• Source material:
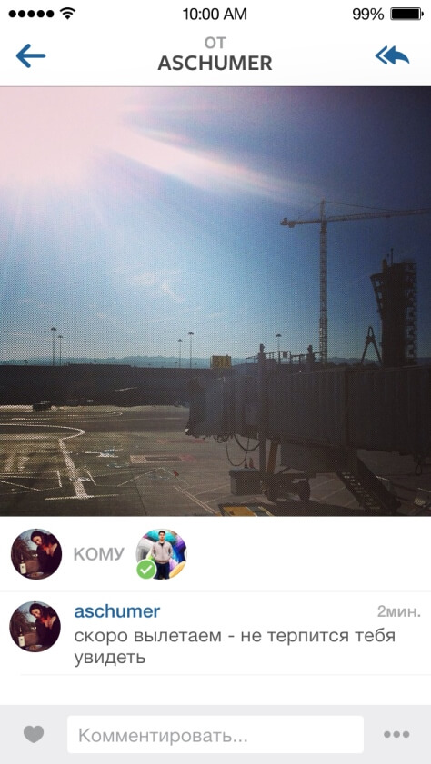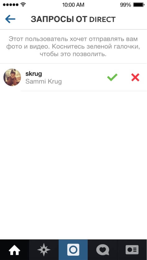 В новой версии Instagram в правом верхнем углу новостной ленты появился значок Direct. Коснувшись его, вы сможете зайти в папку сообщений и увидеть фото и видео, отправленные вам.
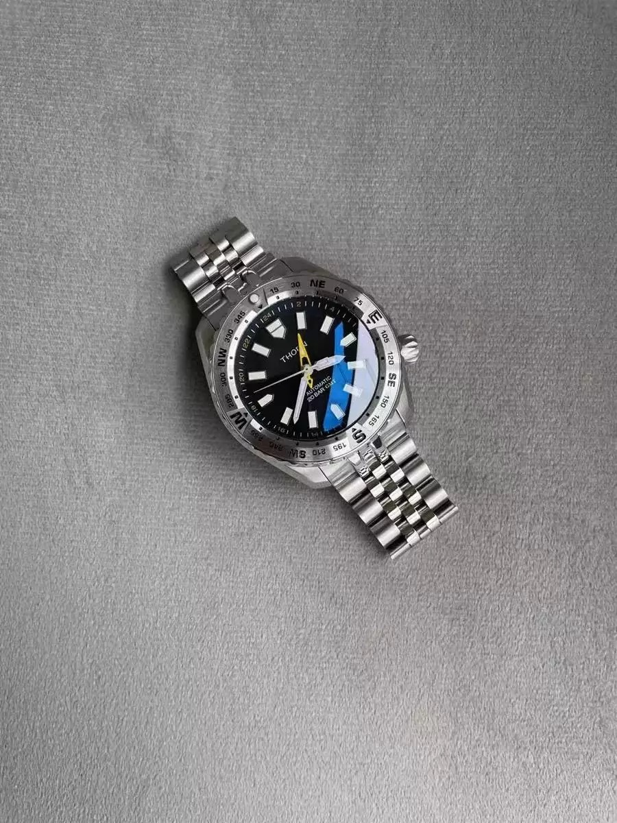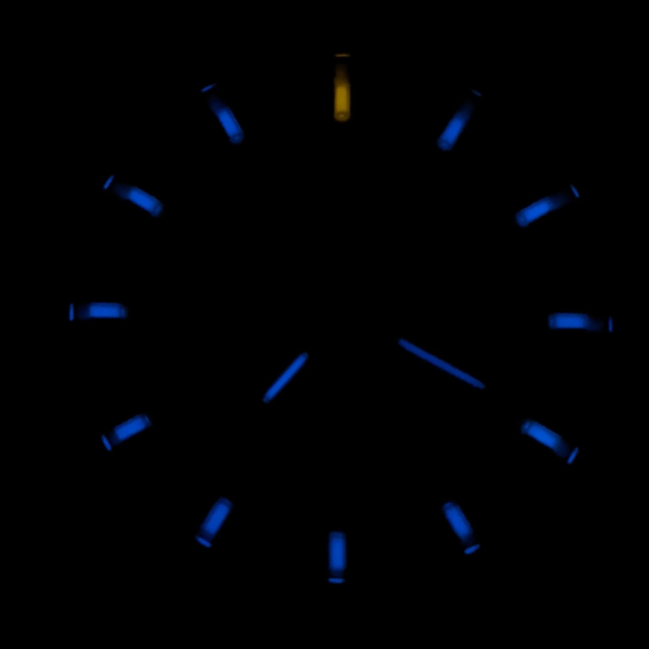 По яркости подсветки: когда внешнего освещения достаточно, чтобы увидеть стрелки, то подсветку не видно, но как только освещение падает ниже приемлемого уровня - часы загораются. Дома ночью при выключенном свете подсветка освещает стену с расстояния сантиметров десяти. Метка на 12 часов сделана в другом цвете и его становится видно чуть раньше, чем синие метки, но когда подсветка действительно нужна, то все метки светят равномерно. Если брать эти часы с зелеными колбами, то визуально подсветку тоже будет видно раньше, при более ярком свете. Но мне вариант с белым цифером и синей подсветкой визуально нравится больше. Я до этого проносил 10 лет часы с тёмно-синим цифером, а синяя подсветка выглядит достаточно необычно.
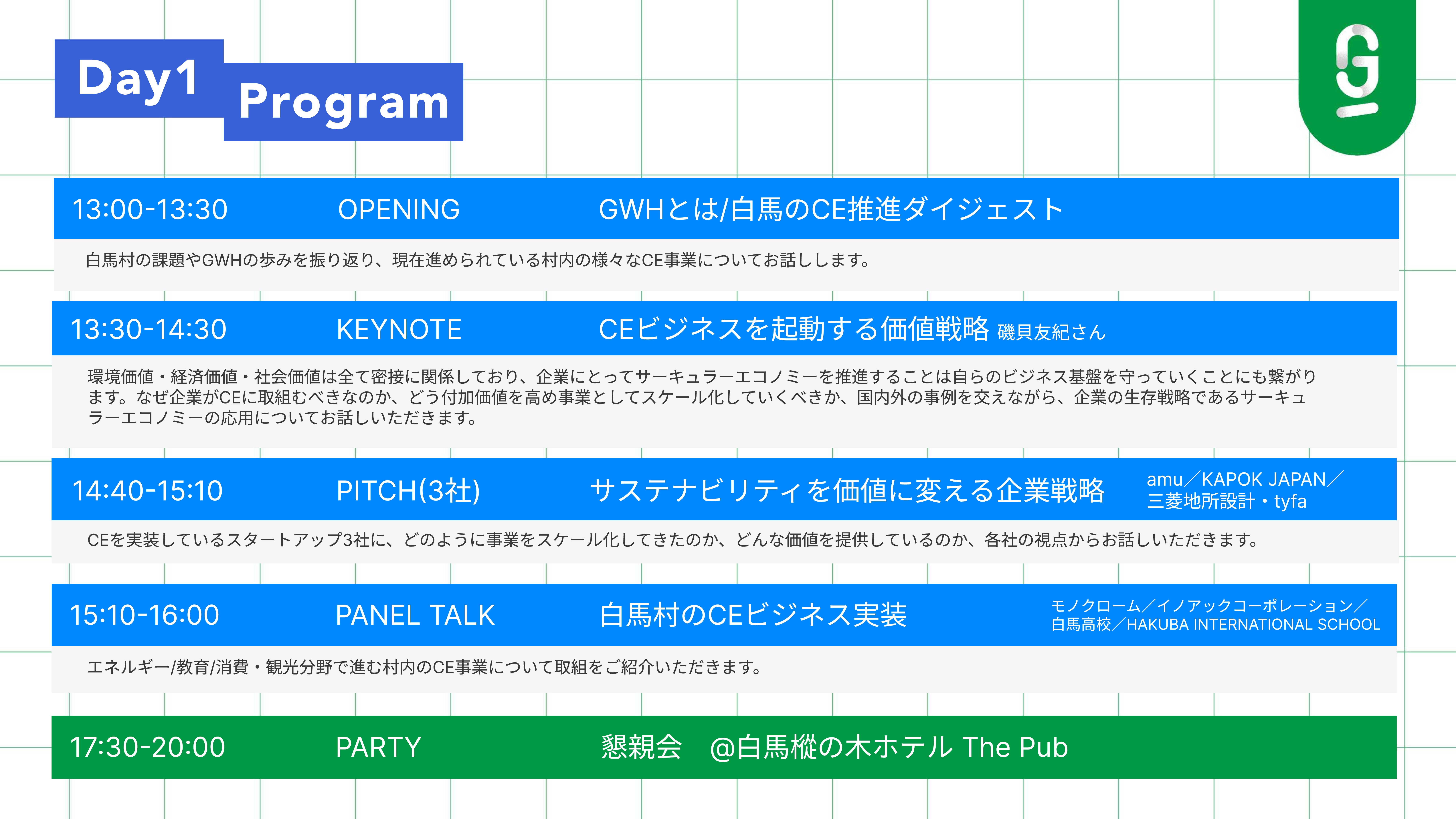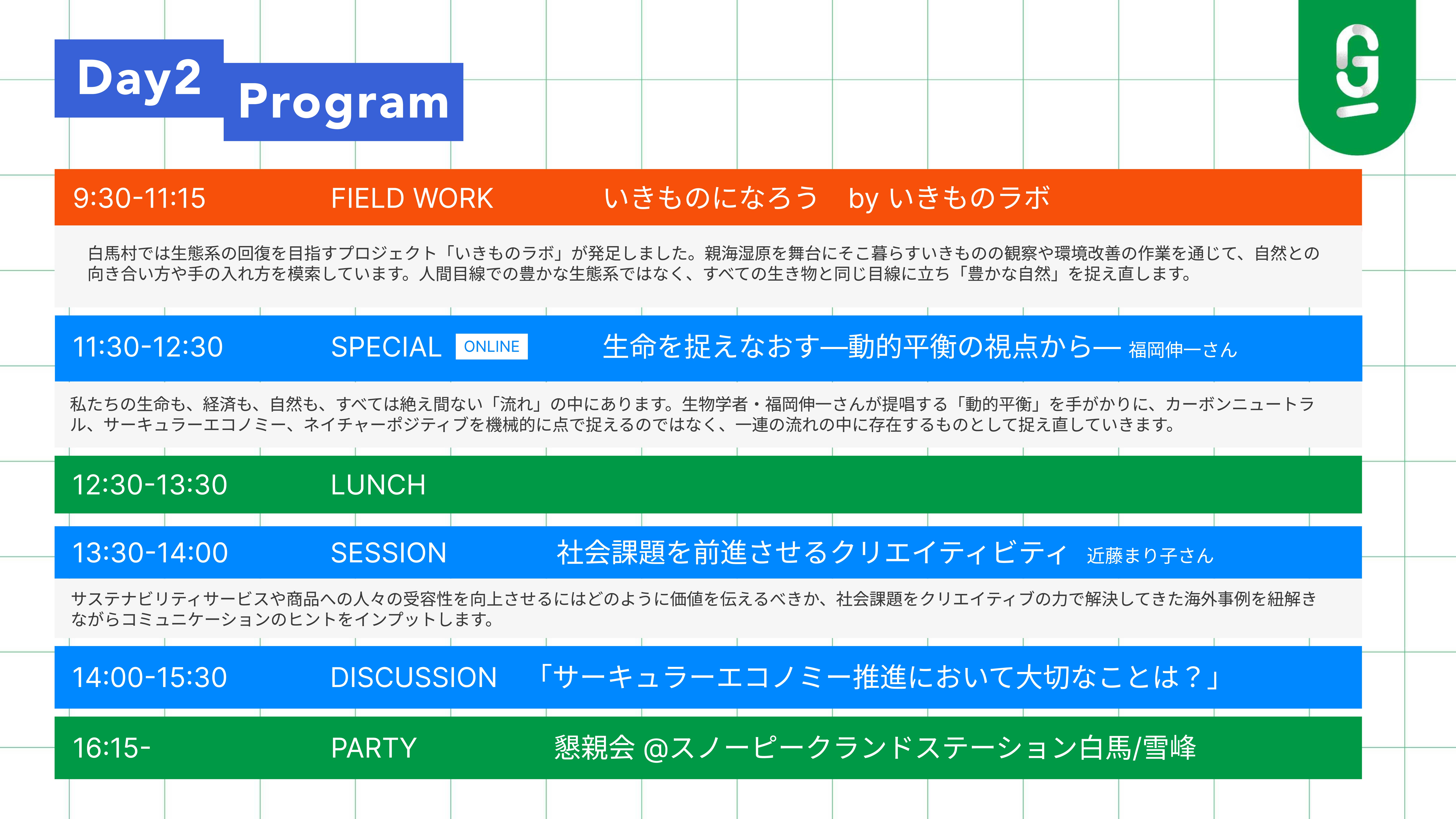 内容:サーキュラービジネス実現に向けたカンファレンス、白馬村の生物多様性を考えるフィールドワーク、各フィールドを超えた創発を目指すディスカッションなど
--
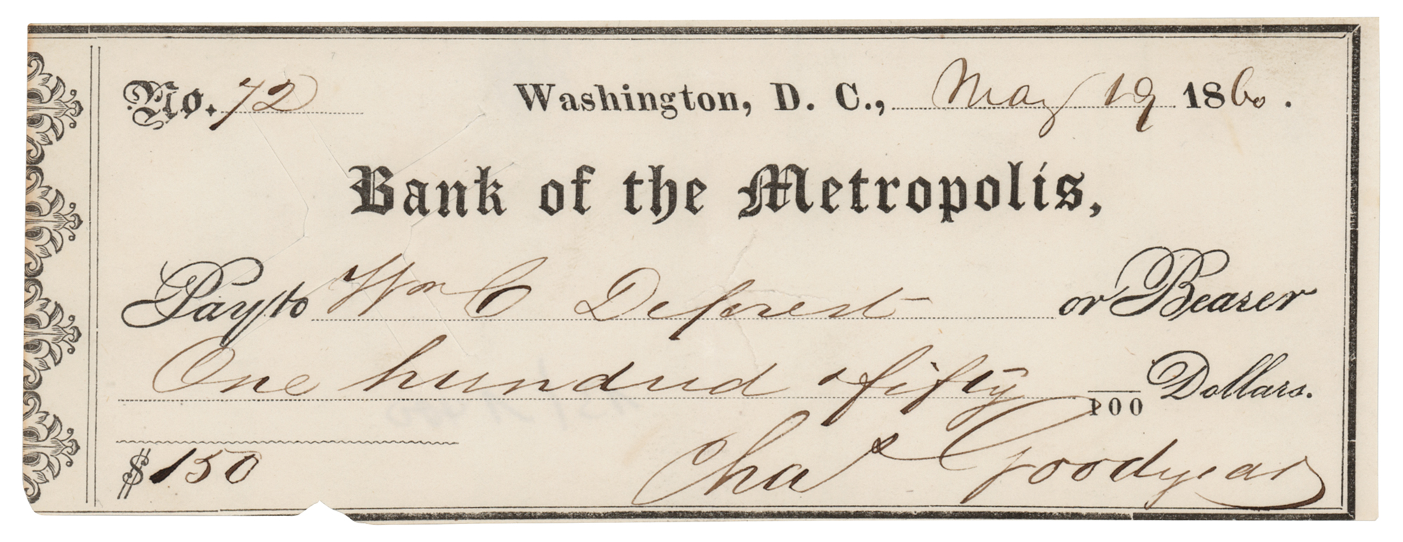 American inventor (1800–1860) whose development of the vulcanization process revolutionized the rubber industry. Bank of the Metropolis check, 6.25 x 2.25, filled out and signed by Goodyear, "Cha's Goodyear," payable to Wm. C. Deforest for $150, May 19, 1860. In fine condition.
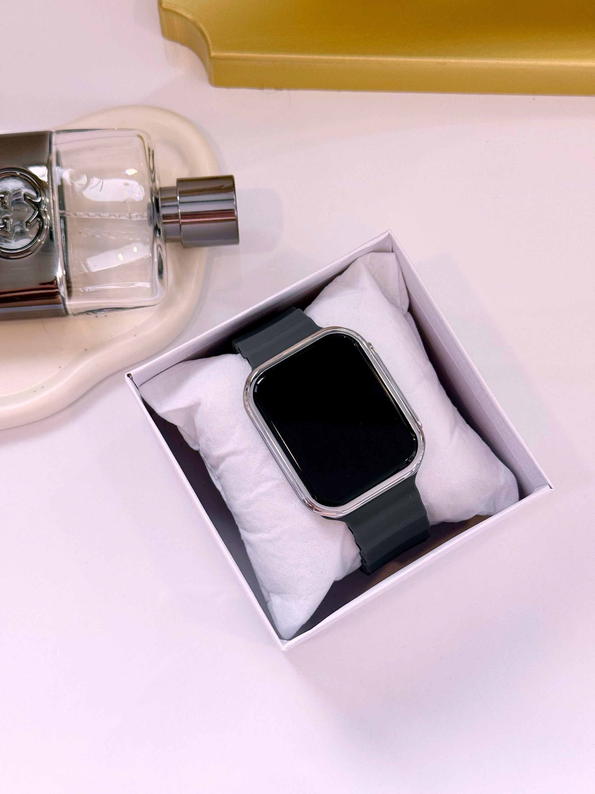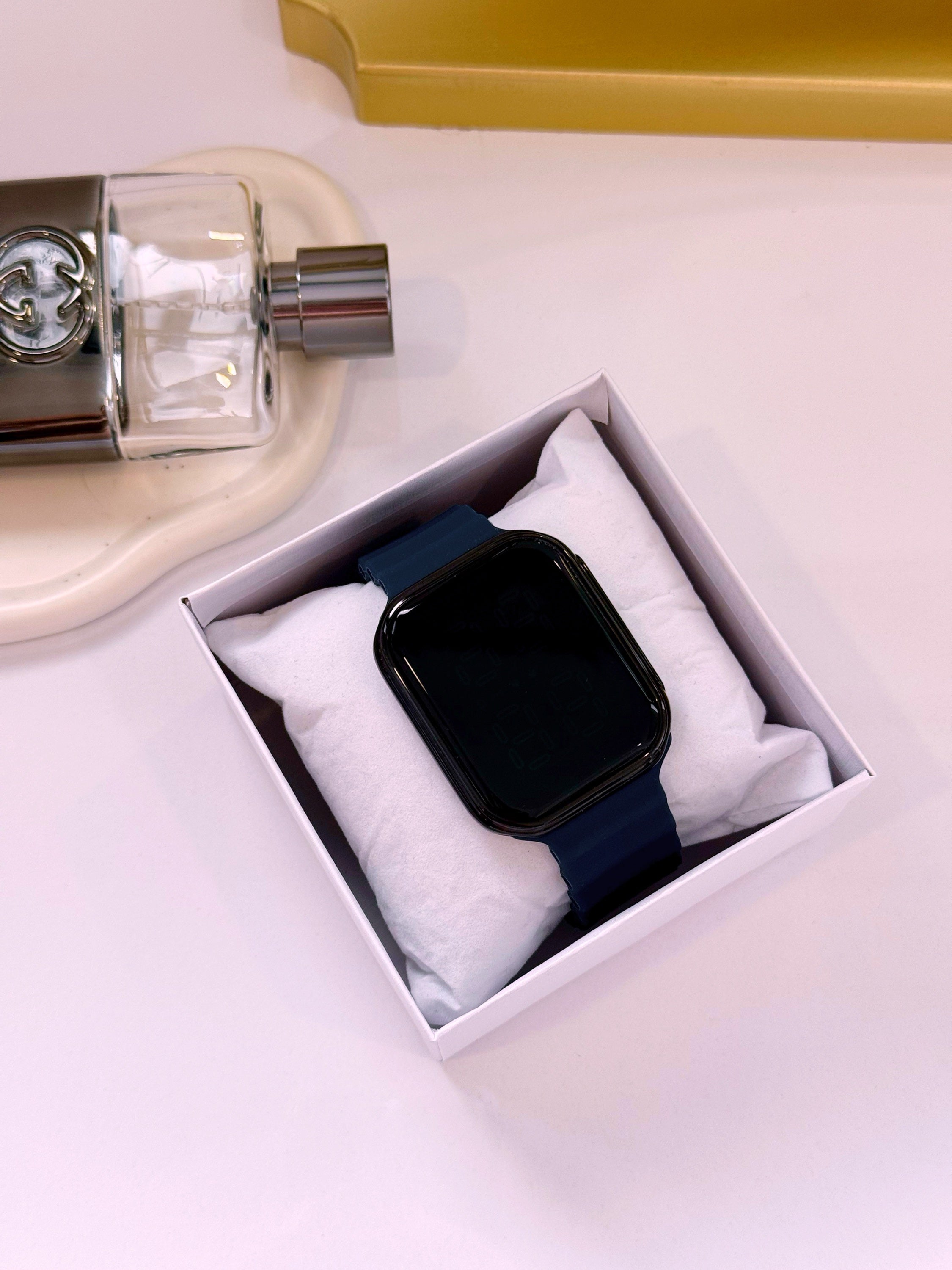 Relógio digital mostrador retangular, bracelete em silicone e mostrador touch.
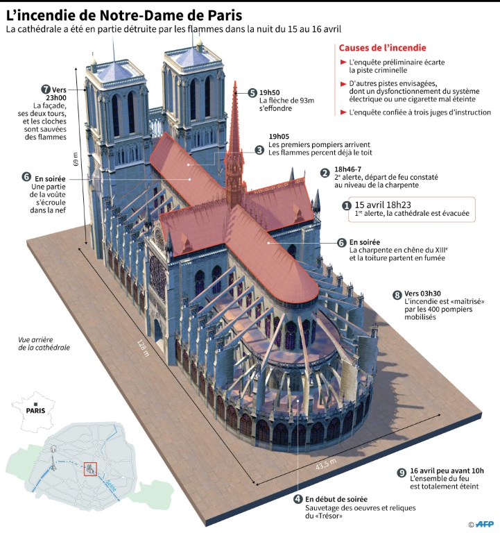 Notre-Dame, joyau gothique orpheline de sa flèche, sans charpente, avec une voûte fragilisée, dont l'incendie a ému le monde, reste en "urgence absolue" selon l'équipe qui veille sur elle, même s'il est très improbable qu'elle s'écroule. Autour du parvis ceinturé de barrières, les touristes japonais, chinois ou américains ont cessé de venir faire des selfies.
==
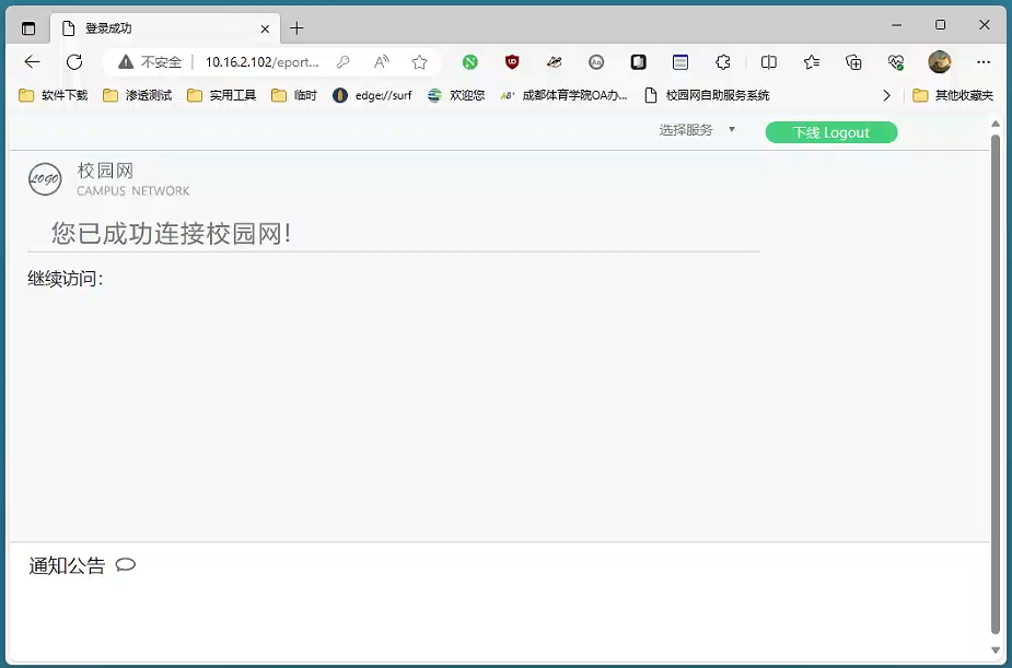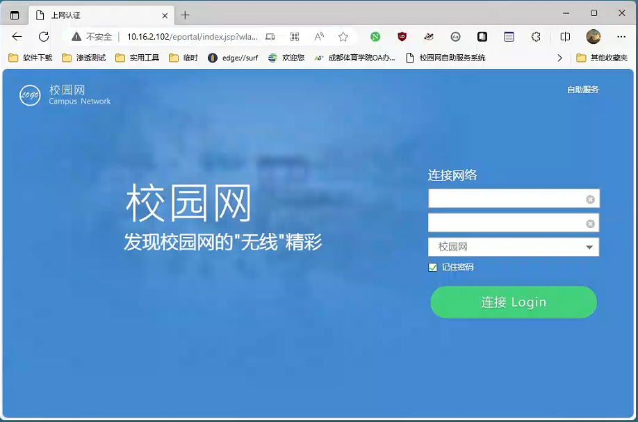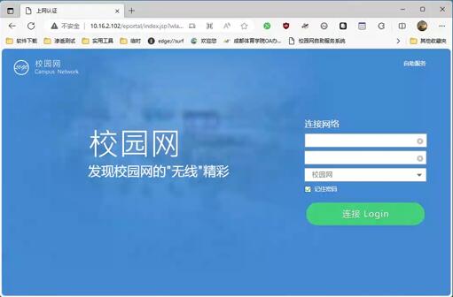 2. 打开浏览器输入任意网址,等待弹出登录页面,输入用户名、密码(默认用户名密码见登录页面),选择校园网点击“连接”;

• Brief: Above are the records; copy from them only the lines starting at the one containing "В новой версии" and ending at the one containing "内容:サーキュラービジネス実", exactly and without pictures.

• Solution to this problem:
 В новой версии Instagram в правом верхнем углу новостной ленты появился значок Direct. Коснувшись его, вы сможете зайти в папку сообщений и увидеть фото и видео, отправленные вам.
 По яркости подсветки: когда внешнего освещения достаточно, чтобы увидеть стрелки, то подсветку не видно, но как только освещение падает ниже приемлемого уровня - часы загораются. Дома ночью при выключенном свете подсветка освещает стену с расстояния сантиметров десяти. Метка на 12 часов сделана в другом цвете и его становится видно чуть раньше, чем синие метки, но когда подсветка действительно нужна, то все метки светят равномерно. Если брать эти часы с зелеными колбами, то визуально подсветку тоже будет видно раньше, при более ярком свете. Но мне вариант с белым цифером и синей подсветкой визуально нравится больше. Я до этого проносил 10 лет часы с тёмно-синим цифером, а синяя подсветка выглядит достаточно необычно.
 内容:サーキュラービジネス実現に向けたカンファレンス、白馬村の生物多様性を考えるフィールドワーク、各フィールドを超えた創発を目指すディスカッションなど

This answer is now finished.